Go to the line holding "Tortum İlçe Müftülüğü" in the entries below and write out exactly every line down to and including the line holding "King Carp. A".

INFORMATION:
= = = =

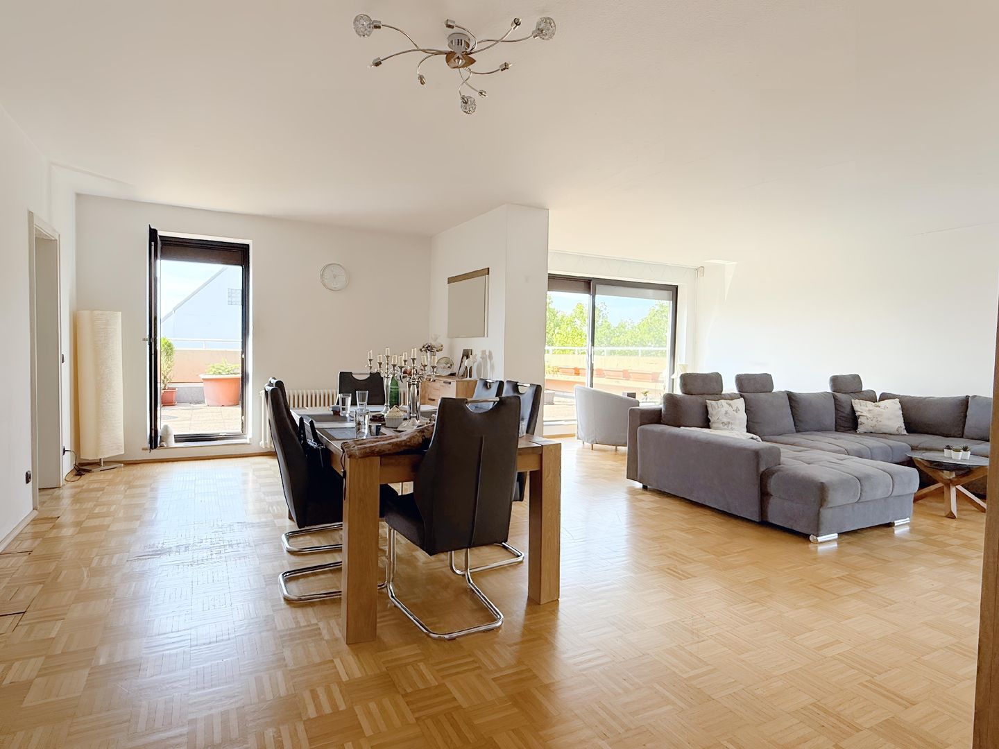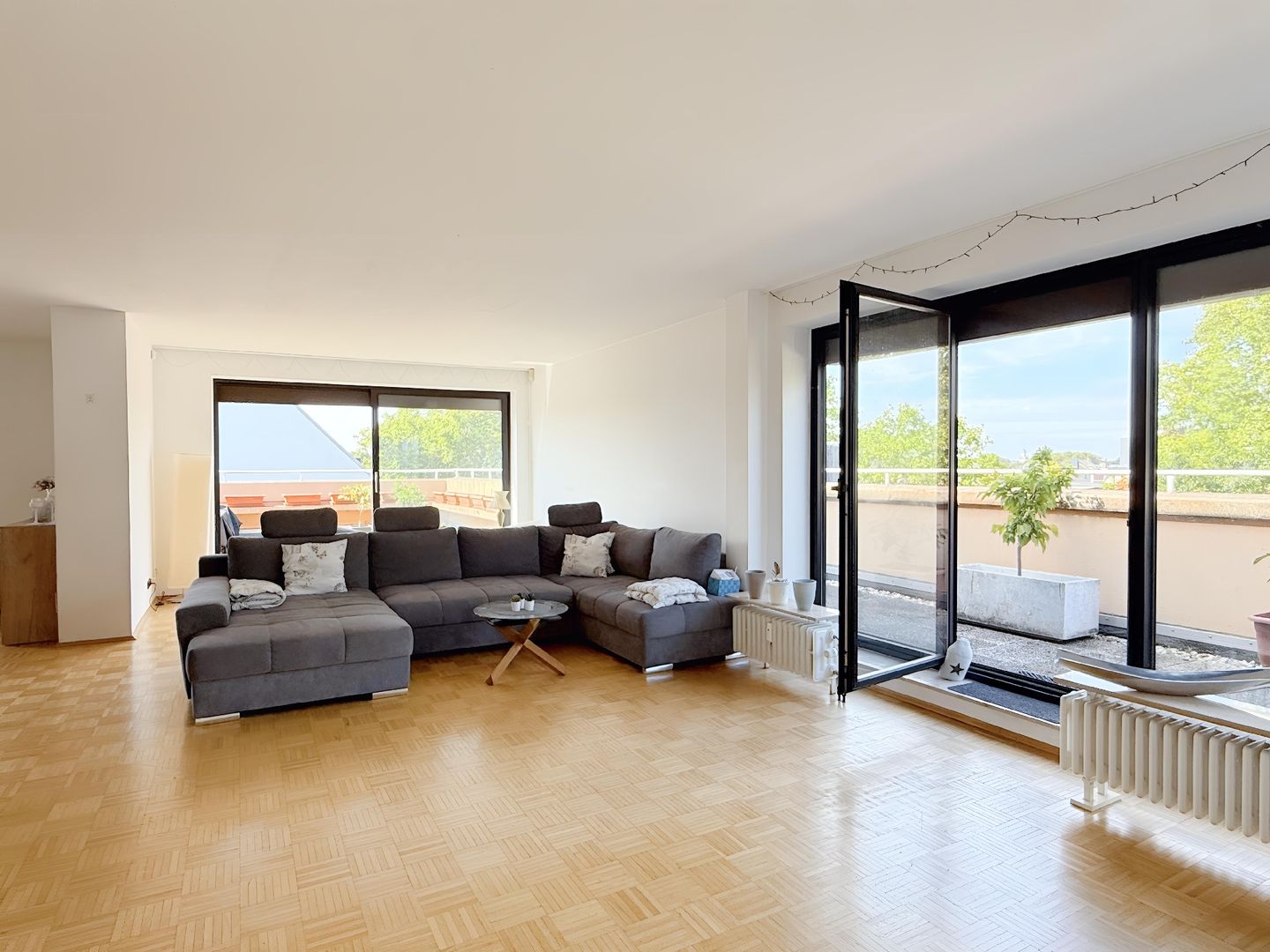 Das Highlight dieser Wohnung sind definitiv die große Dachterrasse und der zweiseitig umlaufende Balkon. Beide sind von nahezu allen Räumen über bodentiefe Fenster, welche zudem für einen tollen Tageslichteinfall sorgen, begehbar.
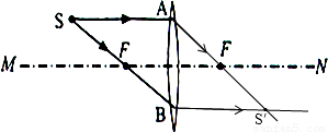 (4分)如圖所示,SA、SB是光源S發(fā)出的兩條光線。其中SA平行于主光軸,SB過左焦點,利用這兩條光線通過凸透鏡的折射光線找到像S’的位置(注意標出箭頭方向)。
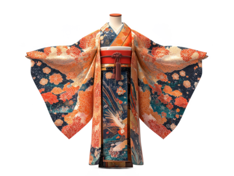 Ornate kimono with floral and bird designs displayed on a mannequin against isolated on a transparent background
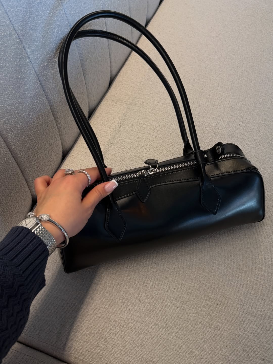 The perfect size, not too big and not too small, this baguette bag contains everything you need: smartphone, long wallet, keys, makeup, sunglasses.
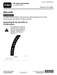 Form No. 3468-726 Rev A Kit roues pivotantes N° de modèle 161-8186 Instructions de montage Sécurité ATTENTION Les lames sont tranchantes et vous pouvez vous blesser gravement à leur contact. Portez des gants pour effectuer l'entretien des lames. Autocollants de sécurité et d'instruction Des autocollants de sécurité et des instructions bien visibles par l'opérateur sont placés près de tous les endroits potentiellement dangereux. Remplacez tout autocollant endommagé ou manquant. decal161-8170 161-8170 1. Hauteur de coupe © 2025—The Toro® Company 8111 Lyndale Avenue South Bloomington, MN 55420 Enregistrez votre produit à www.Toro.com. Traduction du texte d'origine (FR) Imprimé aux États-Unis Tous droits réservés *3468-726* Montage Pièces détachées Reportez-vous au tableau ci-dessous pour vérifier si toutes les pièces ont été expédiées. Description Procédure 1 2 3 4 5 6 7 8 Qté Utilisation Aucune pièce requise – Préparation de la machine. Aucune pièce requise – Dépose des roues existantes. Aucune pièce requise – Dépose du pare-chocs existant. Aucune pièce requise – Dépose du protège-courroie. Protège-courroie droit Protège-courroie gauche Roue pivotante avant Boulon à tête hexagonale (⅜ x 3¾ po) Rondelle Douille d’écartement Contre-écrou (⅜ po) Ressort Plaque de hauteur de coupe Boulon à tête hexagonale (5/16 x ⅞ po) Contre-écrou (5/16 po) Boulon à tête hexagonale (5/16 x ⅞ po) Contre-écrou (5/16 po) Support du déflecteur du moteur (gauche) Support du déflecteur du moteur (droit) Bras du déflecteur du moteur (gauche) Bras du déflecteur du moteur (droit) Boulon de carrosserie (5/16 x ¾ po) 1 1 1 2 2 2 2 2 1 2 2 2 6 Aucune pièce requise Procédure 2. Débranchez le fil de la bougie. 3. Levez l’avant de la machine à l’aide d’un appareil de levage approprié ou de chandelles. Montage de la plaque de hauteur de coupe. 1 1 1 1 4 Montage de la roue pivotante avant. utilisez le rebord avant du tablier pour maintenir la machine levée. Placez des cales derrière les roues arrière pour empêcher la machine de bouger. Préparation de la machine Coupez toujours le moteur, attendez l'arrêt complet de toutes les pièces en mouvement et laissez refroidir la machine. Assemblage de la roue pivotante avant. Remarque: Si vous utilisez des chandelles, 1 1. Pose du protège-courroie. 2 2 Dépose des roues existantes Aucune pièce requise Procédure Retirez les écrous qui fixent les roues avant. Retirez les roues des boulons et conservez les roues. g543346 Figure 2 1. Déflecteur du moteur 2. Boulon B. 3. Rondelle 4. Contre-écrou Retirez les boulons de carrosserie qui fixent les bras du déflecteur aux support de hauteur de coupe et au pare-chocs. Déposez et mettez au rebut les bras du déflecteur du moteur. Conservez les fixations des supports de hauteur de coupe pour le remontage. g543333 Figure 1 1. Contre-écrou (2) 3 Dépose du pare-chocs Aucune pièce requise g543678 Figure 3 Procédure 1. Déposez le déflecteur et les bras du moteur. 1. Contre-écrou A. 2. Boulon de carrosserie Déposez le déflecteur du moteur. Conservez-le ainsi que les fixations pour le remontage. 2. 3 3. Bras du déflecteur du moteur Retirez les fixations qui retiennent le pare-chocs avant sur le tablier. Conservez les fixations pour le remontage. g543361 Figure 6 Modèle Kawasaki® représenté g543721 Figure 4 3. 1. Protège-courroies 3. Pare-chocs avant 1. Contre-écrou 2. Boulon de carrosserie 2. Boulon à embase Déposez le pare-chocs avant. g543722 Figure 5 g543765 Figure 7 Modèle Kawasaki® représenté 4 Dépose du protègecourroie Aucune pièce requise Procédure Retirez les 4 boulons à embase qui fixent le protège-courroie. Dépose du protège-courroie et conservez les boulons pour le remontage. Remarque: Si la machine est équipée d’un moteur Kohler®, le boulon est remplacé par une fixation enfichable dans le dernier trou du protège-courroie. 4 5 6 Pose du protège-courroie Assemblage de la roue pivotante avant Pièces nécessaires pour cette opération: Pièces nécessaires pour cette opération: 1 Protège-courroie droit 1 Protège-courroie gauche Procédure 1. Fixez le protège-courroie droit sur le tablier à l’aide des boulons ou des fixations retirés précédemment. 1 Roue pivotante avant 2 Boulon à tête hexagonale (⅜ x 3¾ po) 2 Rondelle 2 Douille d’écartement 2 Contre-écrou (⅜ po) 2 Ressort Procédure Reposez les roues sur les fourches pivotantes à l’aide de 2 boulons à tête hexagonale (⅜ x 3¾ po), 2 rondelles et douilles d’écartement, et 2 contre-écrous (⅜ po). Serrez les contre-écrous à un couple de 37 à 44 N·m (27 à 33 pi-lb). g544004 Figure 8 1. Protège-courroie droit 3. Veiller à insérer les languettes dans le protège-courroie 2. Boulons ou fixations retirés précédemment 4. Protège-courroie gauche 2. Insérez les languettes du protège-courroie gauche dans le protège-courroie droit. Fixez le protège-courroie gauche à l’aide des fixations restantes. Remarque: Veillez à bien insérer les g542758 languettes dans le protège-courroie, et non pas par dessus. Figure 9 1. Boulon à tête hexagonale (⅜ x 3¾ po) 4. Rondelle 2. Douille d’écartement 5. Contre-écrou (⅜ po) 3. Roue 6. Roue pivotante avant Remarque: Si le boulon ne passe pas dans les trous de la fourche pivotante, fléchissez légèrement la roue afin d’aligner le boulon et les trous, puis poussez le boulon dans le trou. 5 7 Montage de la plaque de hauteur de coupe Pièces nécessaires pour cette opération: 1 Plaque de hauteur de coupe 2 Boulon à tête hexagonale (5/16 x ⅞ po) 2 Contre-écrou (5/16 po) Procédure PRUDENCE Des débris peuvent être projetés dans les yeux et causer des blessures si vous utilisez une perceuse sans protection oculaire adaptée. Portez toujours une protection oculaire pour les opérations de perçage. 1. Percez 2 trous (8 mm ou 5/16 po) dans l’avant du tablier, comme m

= = = =

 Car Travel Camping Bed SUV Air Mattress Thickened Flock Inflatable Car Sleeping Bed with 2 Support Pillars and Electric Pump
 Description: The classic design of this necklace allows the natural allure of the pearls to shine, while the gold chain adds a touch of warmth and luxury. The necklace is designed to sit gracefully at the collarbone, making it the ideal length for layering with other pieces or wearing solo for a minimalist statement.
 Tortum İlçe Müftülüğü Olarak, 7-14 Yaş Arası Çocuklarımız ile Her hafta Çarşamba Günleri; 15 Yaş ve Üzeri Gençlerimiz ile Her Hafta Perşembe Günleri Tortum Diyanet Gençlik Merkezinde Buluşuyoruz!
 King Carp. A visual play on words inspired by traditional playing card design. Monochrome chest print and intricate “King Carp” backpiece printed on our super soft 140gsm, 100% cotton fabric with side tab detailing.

= = = =

OUTPUT FOR THIS EXERCISE:
 Tortum İlçe Müftülüğü Olarak, 7-14 Yaş Arası Çocuklarımız ile Her hafta Çarşamba Günleri; 15 Yaş ve Üzeri Gençlerimiz ile Her Hafta Perşembe Günleri Tortum Diyanet Gençlik Merkezinde Buluşuyoruz!
 King Carp. A visual play on words inspired by traditional playing card design. Monochrome chest print and intricate “King Carp” backpiece printed on our super soft 140gsm, 100% cotton fabric with side tab detailing.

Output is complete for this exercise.